Compares an alphanumeric house number from a data source to two alphanumeric house number intervals from a reference source by using a left-right interval comparison. Control columns indicating the odd-even parity of the reference intervals are required.

The D_USPS comparison requires the column names for the house number (generally on the data source), two intervals for house number ranges on the reference source, and control columns that indicate the parity of the house number range.

Frequency information is not taken into account when this match comparison is used but a two-source match requires four input streams. If you use this match comparison with a two-source match stage job, create two dummy file inputs instead of files that contain frequency information.

Required columns

The following data source and reference source columns are required:

  • Data.

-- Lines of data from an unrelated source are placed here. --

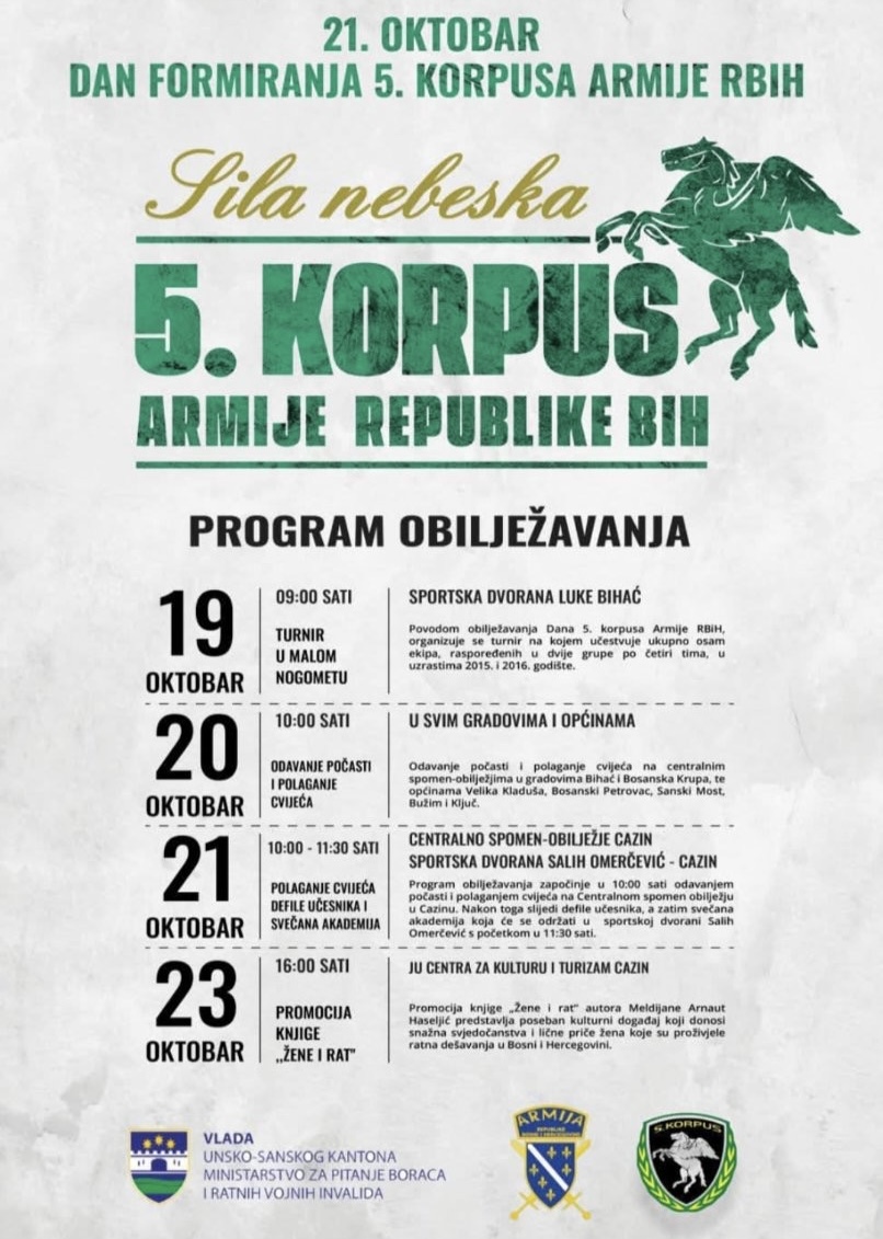 U povodu 21. oktobra – Dana formiranja 5. korpusa Armije Republike BiH, jednog od najznačajnijih datuma u novijoj historiji Bosne i Hercegovine, na području Unsko-sanskog kantona održava se niz prigodnih aktivnosti.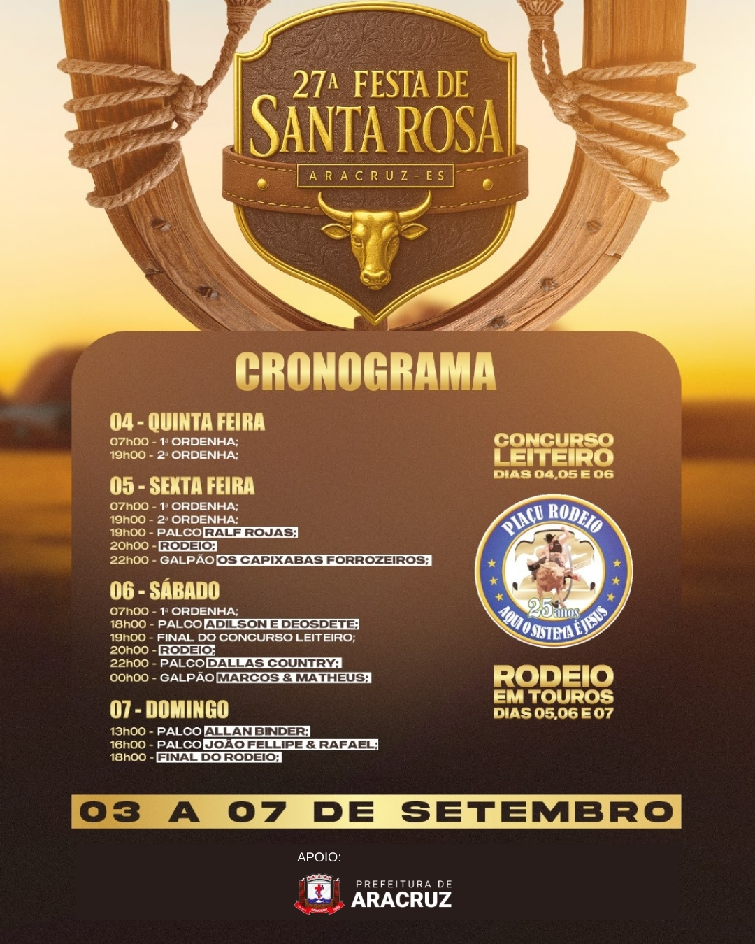 O prefeito Dr. Coutinho falou sobre a oportunidade que o evento proporciona para a região. “Este evento é uma grande oportunidade de valorizar nossas tradições, movimentar a economia local e fortalecer o turismo e o comércio da região. Quero agradecer a todos os envolvidos e à comunidade de Santa Rosa, que trabalham com dedicação para que esta festa aconteça com a grandiosidade que ela merece”.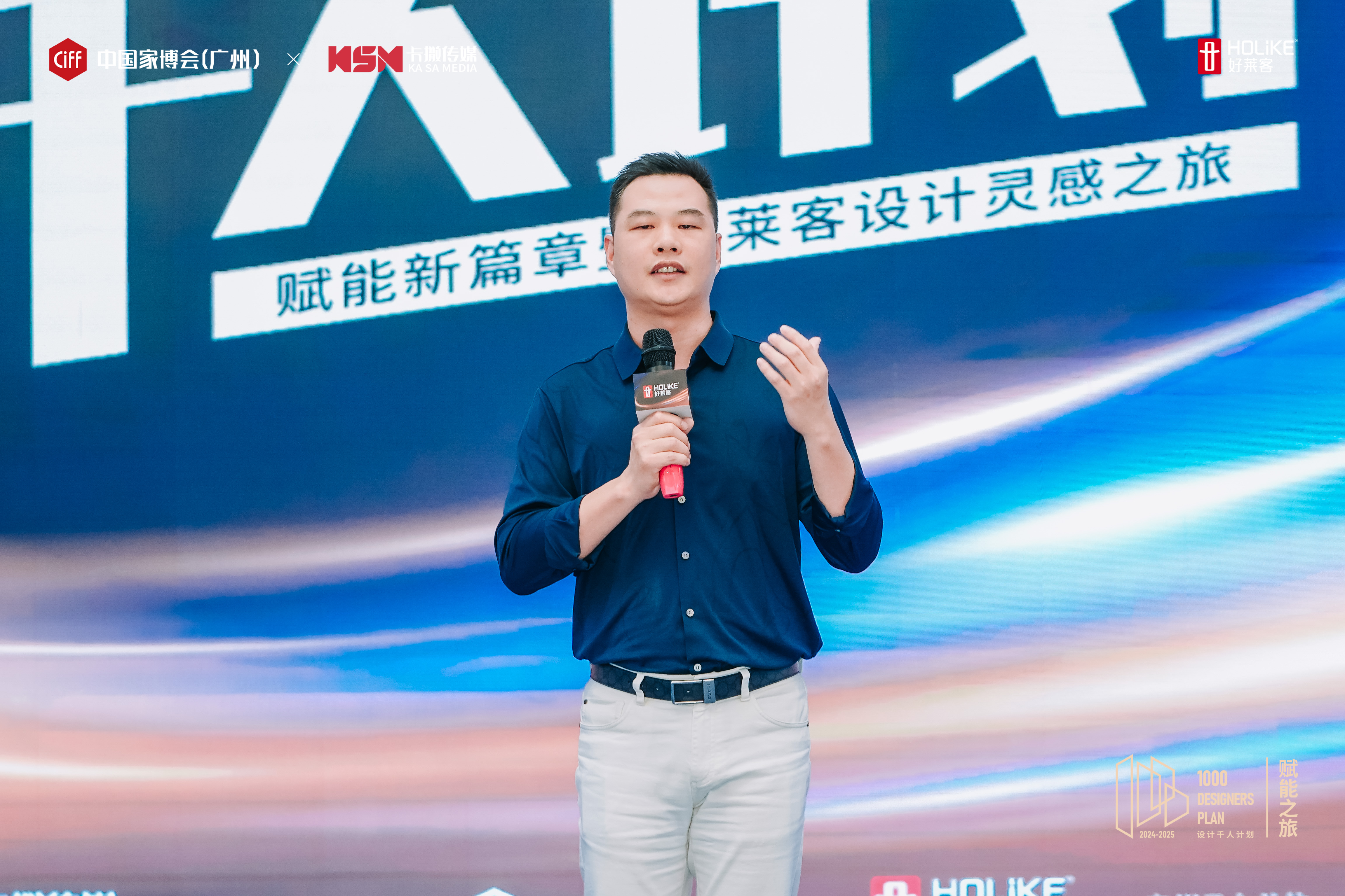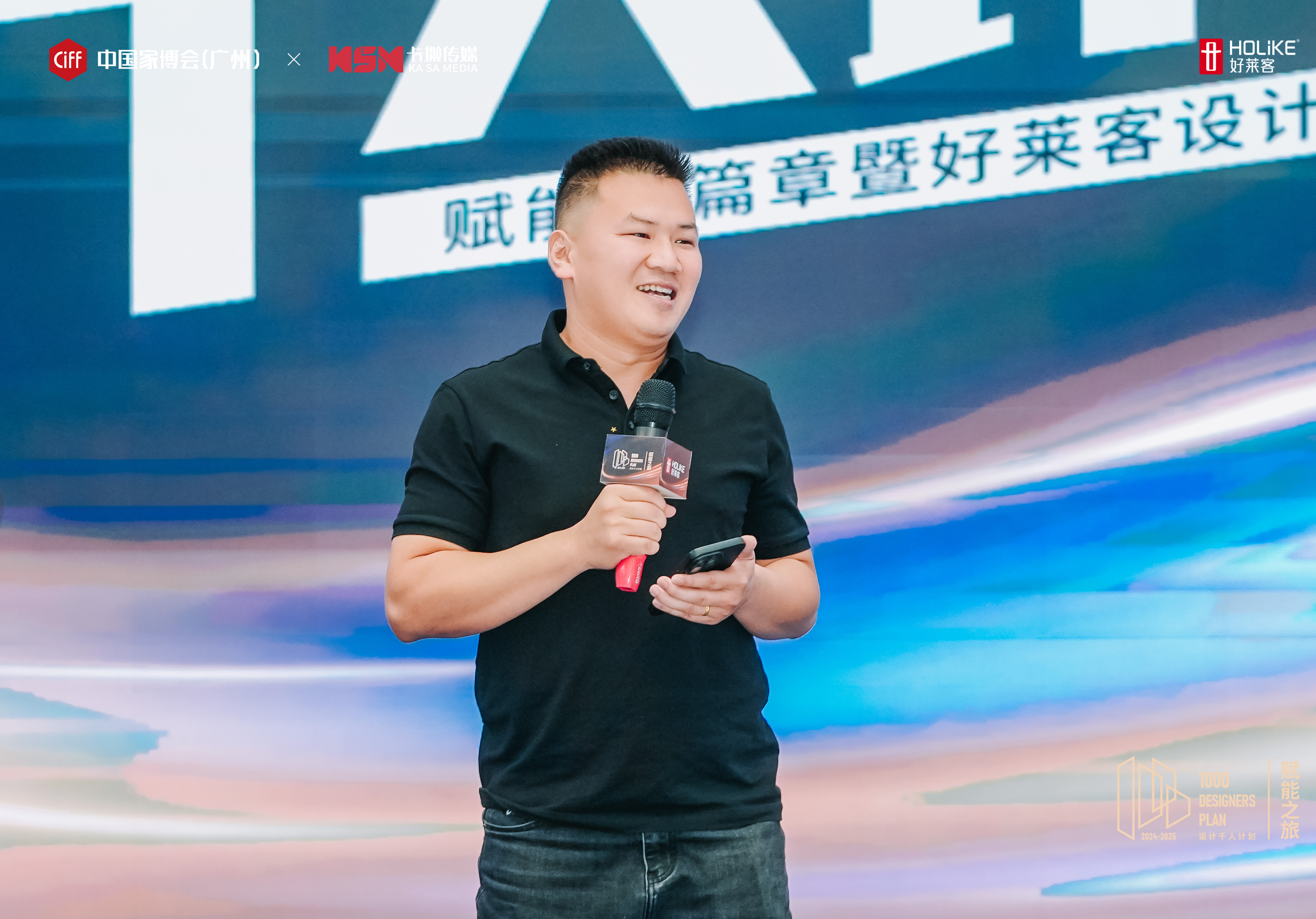 好莱客营销中心大区总监邵斌发表致辞,他介绍说“好莱客始终坚持原创设计,多年来持续深耕设计生态圈,通过多形式活动,多跨界项目与一众设计大咖同频共振,建立了非常深厚的价值链接”。在未来,他也期待越来越多的先锋设计大咖与我们共创、交流,携手开启家居设计的新篇章。

A column from the data source that contains numeric or nonnumeric values.
  • Reference. (1) The reference column that contains the beginning value of the first interval (such as the left side of the street) from the reference source.
  • Reference. (2) The reference column that contains the ending value of the first interval from the reference source.
  • Reference. (3) The reference column that contains the beginning value of the second interval (such as the right side of the street) from the reference source.
  • Reference. (4) The reference column that contains the ending value of the second interval from the reference source.
  • Reference. (Control1) The odd/even parity for the range defined with reference columns (1) and (2).
  • Reference. (Control2) The odd/even parity for the range defined with reference columns (3) and (4).

The control information from the USPS ZIP + 4 code is:

  • O. The range represents only odd house numbers.
  • E. The range represents only even house numbers.
  • B. The range represents all numbers (both odd and even) in the interval.
  • U. The parity of the range is unknown.

Example

A house number on the data source is first compared to the interval range defined with reference source columns (1) and (2). If the parity of house number agrees with the code defined with Control 1 and with the parity of the house number defined with reference source column (1), and the intervals overlap, it is considered a match. If not, the house number on the data source is next compared to the interval defined with reference source columns (3) and (4).